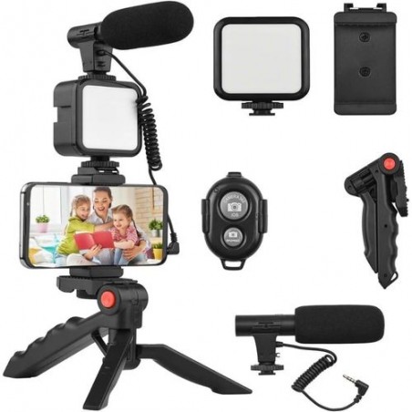 ed Kit de vlogging pour iPhone, Android (avec trépied), avec mini lampe vidéo LED
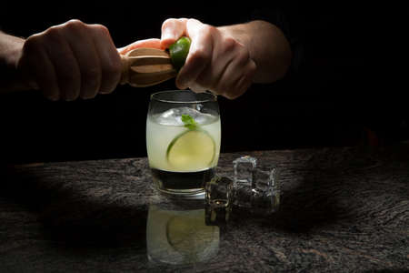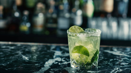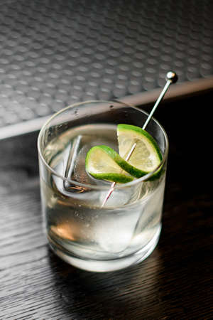 Cocktail with lime and ice on the bar counter in bar
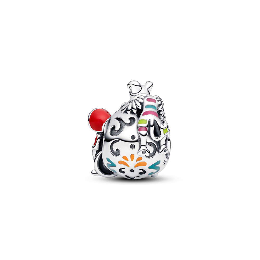 Disney Pixar Coco skull sterling silver charm with red. green. orange. yellow. pink and glow in the dark enamel
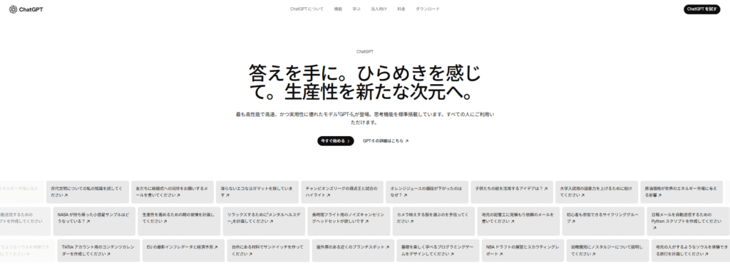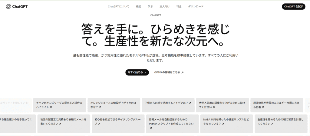 1.まず、ChatGPTの公式ページにアクセスし、OpenAIのアカウント作成を開始します。トップページにある[今すぐ始める]をクリックしましょう。
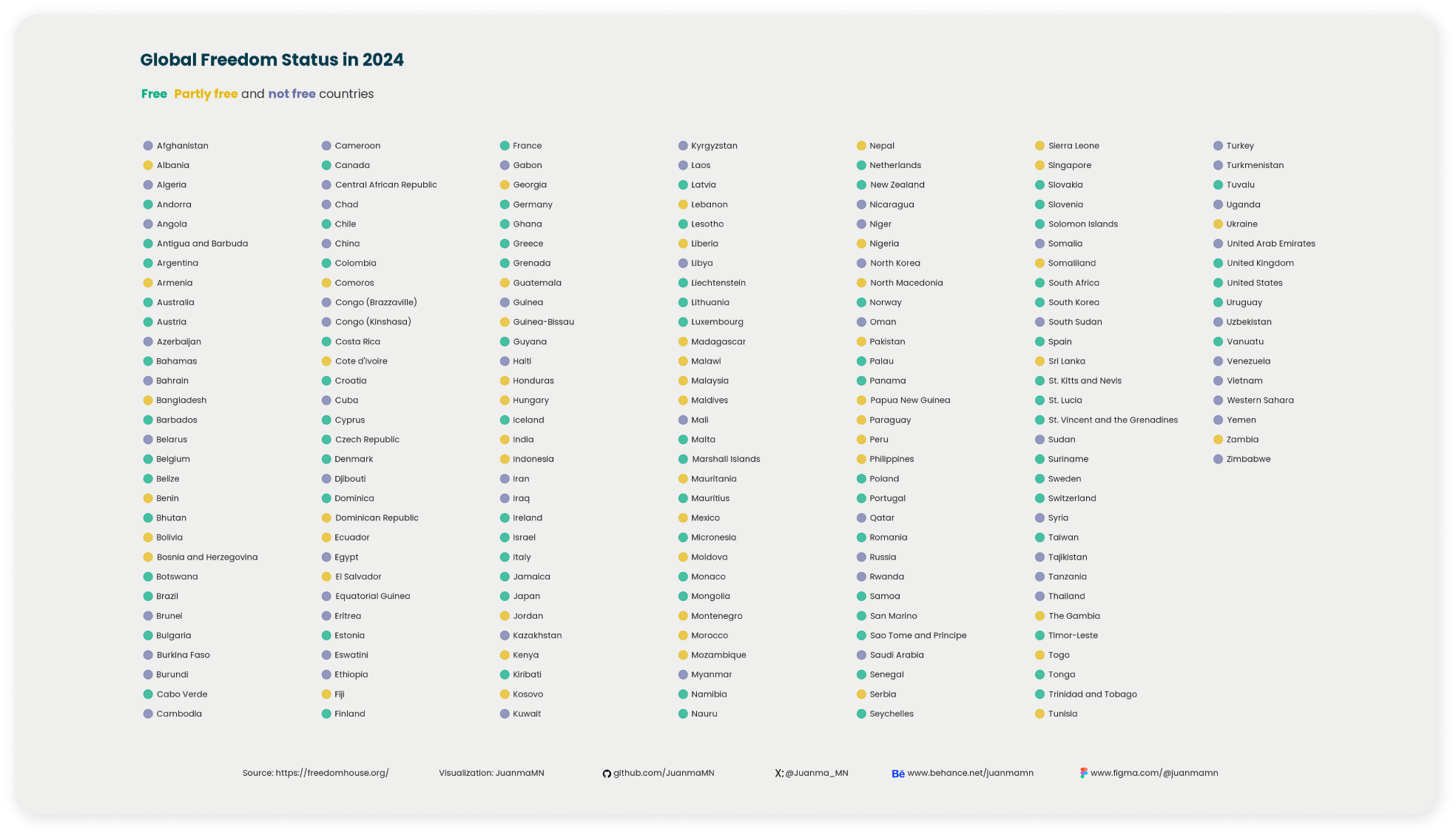 The below graph provides an analysis of free, partly free, not free countries in the world in 2024.
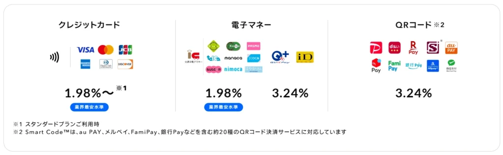 STORES決済は、Visa/Mastercardの手数料が特に低く設定されている点が強みであり、クレジットカード利用比率が高い店舗ほどコスト削減効果が期待できます。また、電子マネーは一律1.98%と比較的安く、公共交通系のIC支払いを採用する店舗では利便性が高くなります。
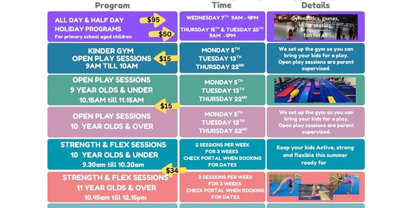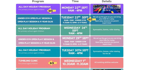 9am till 4pm session for school aged children which includes gymnastics activities, games and roller skating.
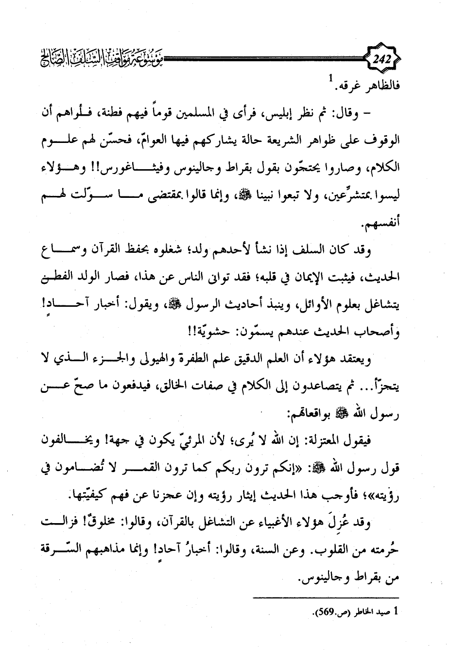 - وقال: ثم نظر إبليس، فرأى في المسلمين قوماً فيهم فطنة، فأراهم أن الوقوف على ظواهر الشريعة حالة يشاركهم فيها العوامّ، فحسّن لهم علوم الكلام، وصاروا يحتجّون بقول بقراط وجالينوس وفيثاغورس!! وهؤلاء ليسوا بمتشرِّعين، ولا تبعوا نبينا - صلى الله عليه وسلم -، وإنما قالوا بمقتضى ما سوّلت لهم أنفسهم.
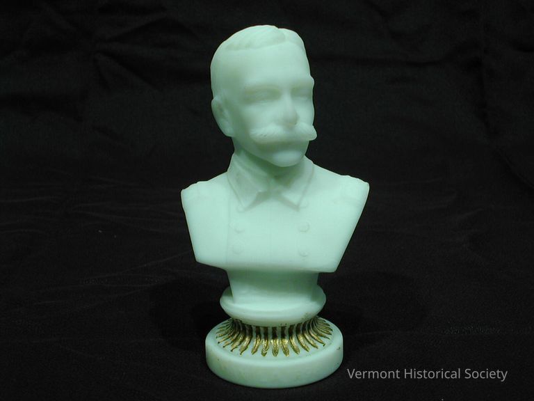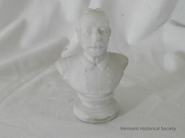 Admiral Charles Clark, along with fellow Vermont-born Admiral, George Dewey, had great fame in his lifetime. This casting was probably taken in the process of designing a sculpture. The note that accompanies the piece states that it was taken by the artist J. F. Kelley and came to VHS through Frank Partridge of Proctor, Vermont. Partridge was an executive with the Vermont Marble Company and would later to go on to serve as a U.S. Senator from Vermont.
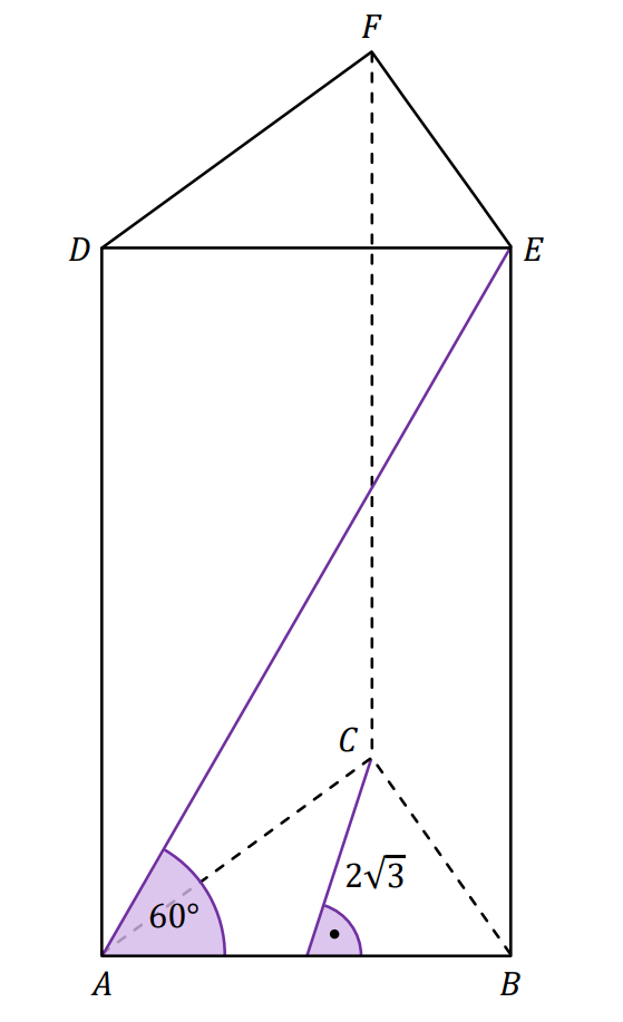Dany jest graniastosłup prawidłowy trójkątny. Wysokość podstawy jest równa . Przekątna ściany bocznej tworzy z krawędzią kąt o mierze (zobacz rysunek).
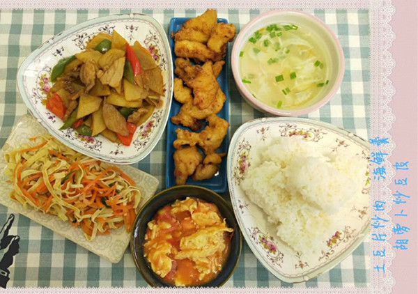 午餐:米饭 土豆烧鸡块 滑蛋虾仁 菜花炒肉 肉片圆白菜 西红柿蛋汤
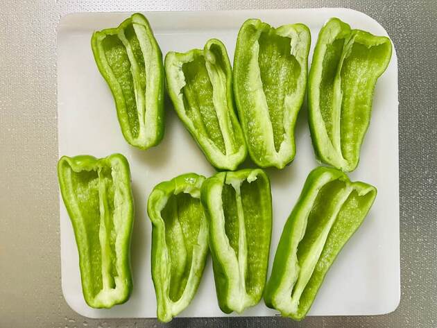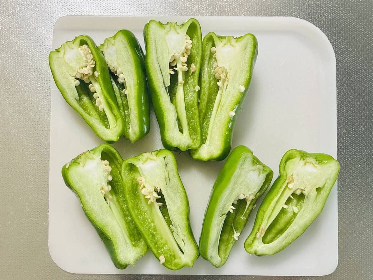 ピーマンは縦に半分に切り、
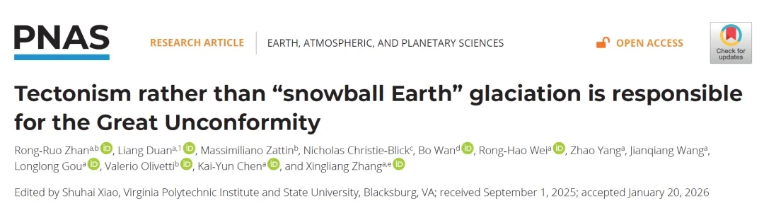 2月23日,bat365官网早期生命与环境研究团队在《美国科学院院刊》(PNAS)上发表了题为“构造运动而非雪球地球时期的冰川作用造成全球大不整合(Tectonism rather than ‘Snowball Earth’ glaciation is responsible for the Great Unconformity)”的媒体关注和亮点文章,以全球视角破解了困扰科学界百年的地质谜题——全球“大不整合”的形成,并非此前认为的“雪球地球”冰川侵蚀。这一突破性发现,为理解地球演化与生命爆发的关联提供了全新视角。
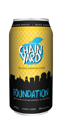 | Brand: Chain Yard Cider Inc. Type: Apple – Dry Location of Brewing: Halifax, NS ABV: 6% Website Link: chainyardcider.com Ingredients: 100% Nova Scotian apples, sulphates Gluten Free: Yes Sugar Content: N/A Size(s) available: 473ml Can |
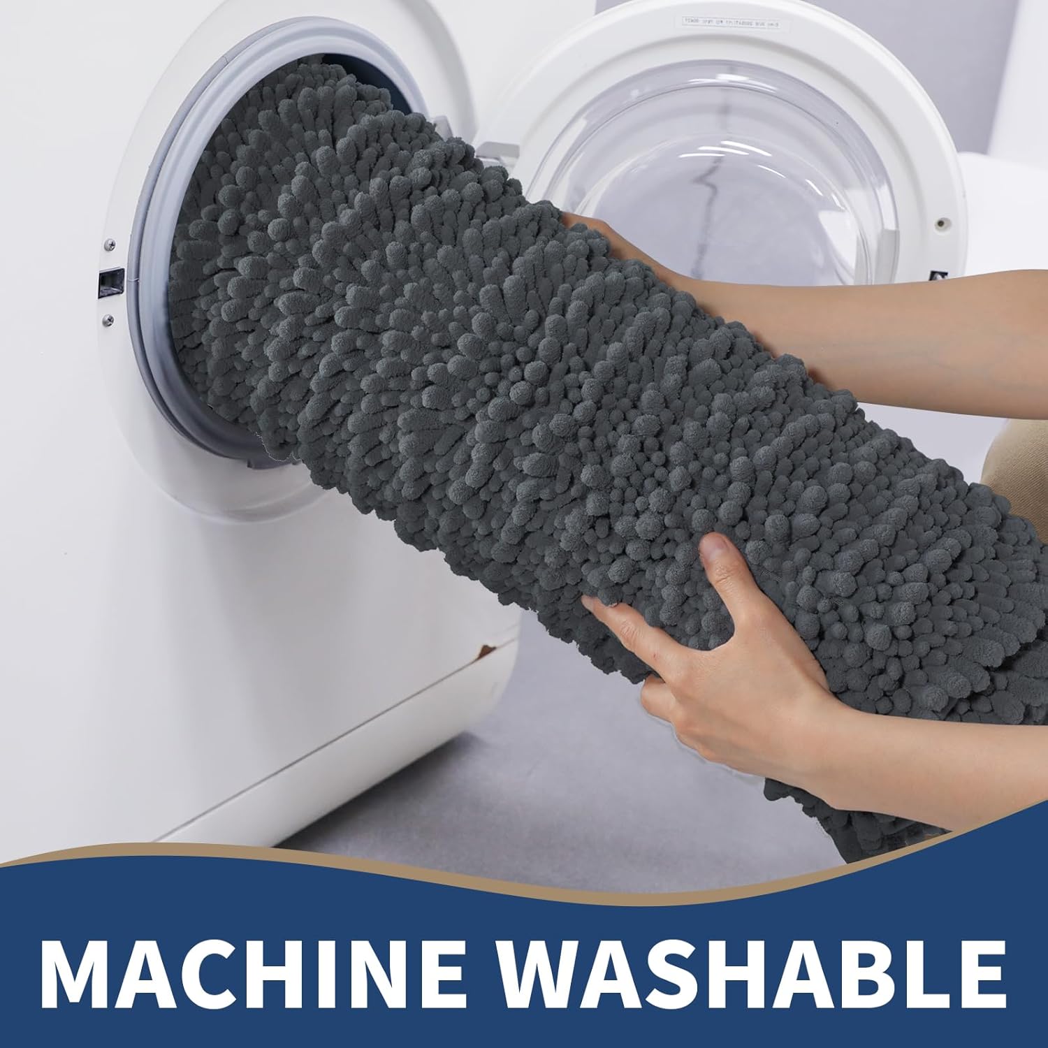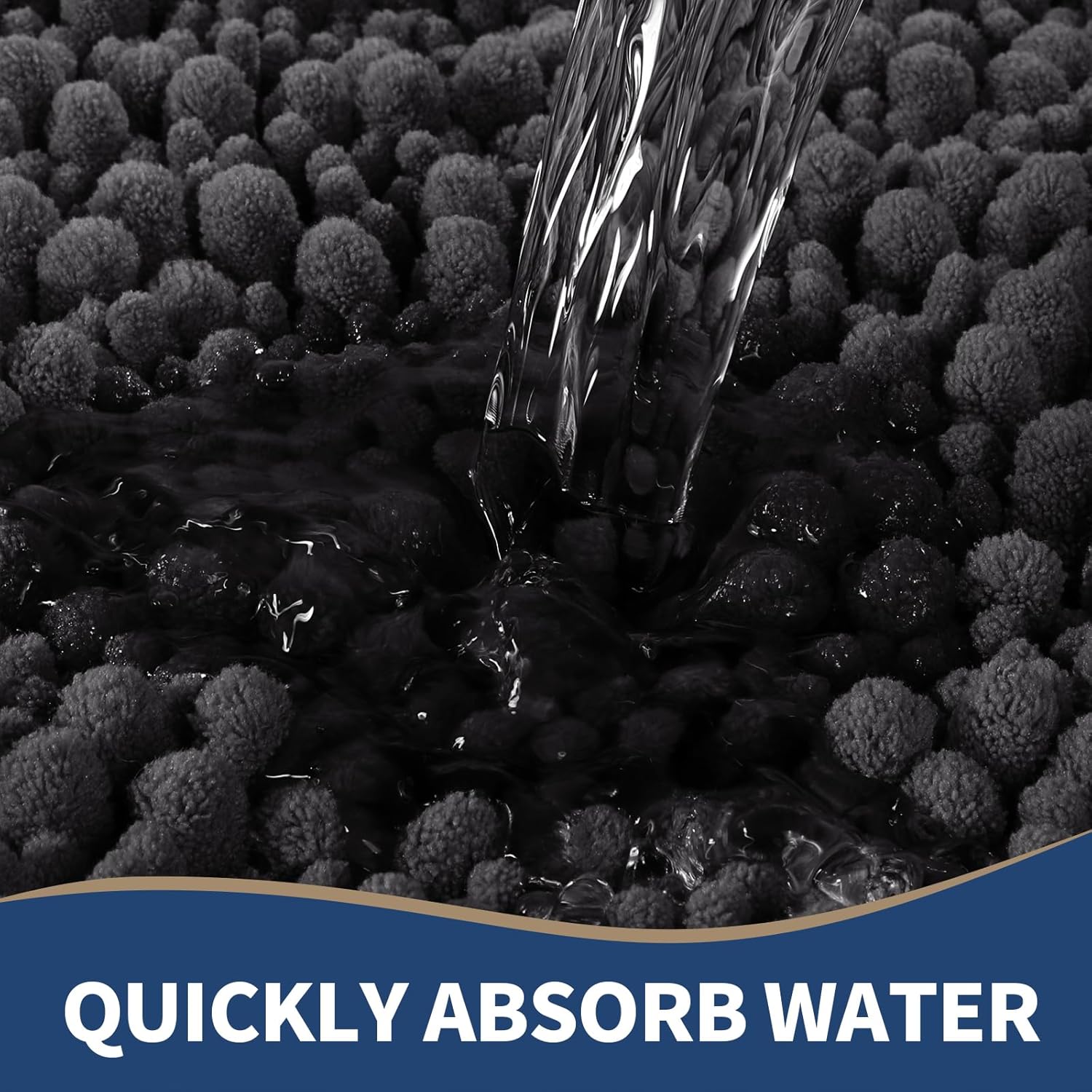 Yimobra Bathroom Rugs Sets 2 Piece - Quick Dry Extra Thick Luxury Chenille Bath Mat, Non Slip Super Absorbent for Tub Shower Sink, Machine Washable Shaggy Floor Mat, 32"x20"+24"x17" Inch, Dark Grey
+-------+
- Requirement -
Reproduce only the lines from the first line of the listing above up to and including the line that holds "The below graph". Omit the pictures.

- Your response -
 ed Kit de vlogging pour iPhone, Android (avec trépied), avec mini lampe vidéo LED
 Cocktail with lime and ice on the bar counter in bar
 Disney Pixar Coco skull sterling silver charm with red. green. orange. yellow. pink and glow in the dark enamel
 1.まず、ChatGPTの公式ページにアクセスし、OpenAIのアカウント作成を開始します。トップページにある[今すぐ始める]をクリックしましょう。
 The below graph provides an analysis of free, partly free, not free countries in the world in 2024.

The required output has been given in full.